Reinforcement, character displacement, ecological sorting or any of these processes in combination may result in high diversity and low overlap of floral morphologies across species in a community. During reinforcement or character displacement, floral traits may evolve to increase pollinator constancy (the tendency of a pollinator to move between conspecific plants, which increases as flower signals diverge; Chittka et al. 1999, 2001; Gumbert et al. 1999; Gegear & Laverty 2001), to limit the diversity of visitors (Altshuler 2003), and/or to place pollen on unique parts of a pollinator's body (Feinsinger 1987; Armbruster et al. 1994). Experimental studies (Fishman & Wyatt 1999; Caruso 2000; Smith & Rausher 2008) have confirmed that the patterns of natural selection on floral traits of a focal species can depend on the presence or absence of sympatric species with similar floral morphologies.
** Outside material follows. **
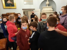 Ostatnią atrakcją w Rogalinie była lekcja historii przez zabawę i rozwiązywanie quizów o rodzinie Raczyńskich, dogłębnych szczegółach z ich życia oraz wydarzeniach historycznych. Cała grupa była podzielona na czteroosobowe zespoły, które zdobywały punkty.

Alternatively, species assemblages may be shaped by ecological sorting, in which species experiencing large reproductive costs due to shared pollinators may either fail to colonize or be driven extinct in a given community (Armbruster et al. 1994; Morales & Traveset 2008). Using null-model approaches, studies at both the guild-level (Armbruster et al. 1994; but see Murray et al. 1987) and the community-level (Gumbert et al. 1999) have found evidence that floral morphologies are sometimes more divergent than expected by chance alone.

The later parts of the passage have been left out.